Listening to an audio drama is one thing, but attending the show as it is being recorded offers another kind of experience. Kidd said, for example, if a character in the story walks across a floor, the audience gets to see a sound effects person put his or her hands in a pair of shoes and mimic the sound of steps against a table.

“That, to me, is one of the neatest things that our audience can really participate in,” Kidd said. “Especially kids, but adults, too, really like to come up to the table and watch and then make those sounds themselves.”

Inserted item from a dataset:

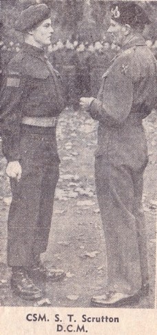 Scrutton served with The Queen’s Own Rifles during WWII and was awarded the Distinguished Conduct Medal 19 August 1944 (CG 34, p3546) for actions taken on 11 June. The medal was presented in the field by Field Marshall Montgomery 5 November 1944.

Like many organizations these days, RTO has seen its activities and projects disrupted by the COVID-19 pandemic. Garlinghouse said they’ve developed a workaround and will broadcast the shows via video conferencing.

“I think that we will work at doing relatively regular performances again, but via Zoom or something like it,” Garlinghouse said.

RTO produces several genres of stories and is putting together shows about local history. One such project is an adaptation of author Ted Wheeler’s book Kings of Broken Things, a novel that depicts the Omaha race riot and lynching of Will Brown outside the Douglas County Courthouse in 1919.

“I spoke with Kent Garlinghouse after he read my novel and expressed some interest in adapting it to the radio play format, as he also is passionate about telling stories about Omaha,” Wheeler said. “I’m intrigued to see what RTO does with the historical material and expands the story. There are so many choices that are made while writing a novel, having a chance to hear a production with the same starting point is an exciting prospect.”

RTO is interested in finding more writers, but one need not have experience writing audio dramas in order to submit. 

“It’s my conviction that virtually anybody can write a successful audio drama,” Garlinghouse said. That includes beginning writers and people who have never put together a script, though experience helps. “It just is a matter of learning sort of the boundaries of what works,” Garlinghouse continued.

“We have the talent, right here,” Garlinghouse said. “We don’t have to apologize for being in Nebraska.”